Here are some tips on how to best protect your aging loved ones who’ve come to depend on or will soon need bed rails to effectively keep them safer in the bedroom:

  • Measurements. The smaller the senior, the less distance there should be between rail gaps. If the senior you care for tends to roll around in bed, it’s important to make sure that they do not become entangled in nor slip through the rails! Keep arms, legs and even entire bodies from getting free then getting trapped by taking measurements of your loved one and then comparing them to the measurements of the rails you’re considering.
  • Ask questions from the retailer’s customer service department before making a final purchase. Find out if the height of the mattress and/or bed frame will make a difference in rail gap size. (Put that tape measure to use before making the call to customer service to make sure you get the best answers!)
  • Bed rail pads and gap protectors not only reduce gaps between mattress and rail, the cushy barrier also keeps extremities from becoming entangled in the rails and prevents bumps and bruises that can happen if a senior tends to thrash in their sleep. (Unexpected elbow to rail = ouch!)
  • Cushioning pads are made for both half and full-length rails; some models incorporate staph-resistant materials.
  • Keep frequently used items within easy reach to further prevent falls with a bed rail quilted caddy, easily held in place with Velcro.

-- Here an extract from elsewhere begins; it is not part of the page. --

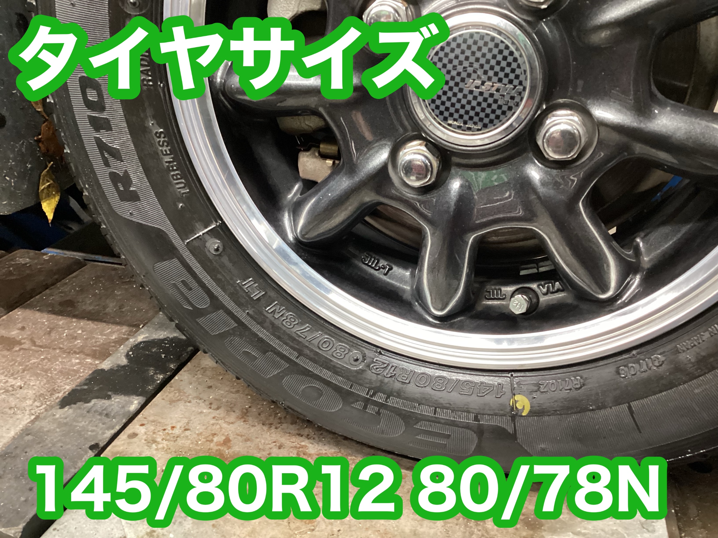 タイヤサイズは145/80R12 80/78Nです。

  • Buy newer model rails on the market from well known and established manufacturers, like Carex, whose full length adjustable width rails easily adjust up or down and can be used on any sized beds.
  • Talk with your parent or the person for whom you care. Assure that they are satisfied and comfortable with the rails being provided and take measures to make sure their comfort and safety continually prevails, i.e. via pads and gap protectors. Some side rail bed wedge gap protectors come with the added benefit of high density foam for positioning purposes, and are fire-retardant as well as anti-microbial.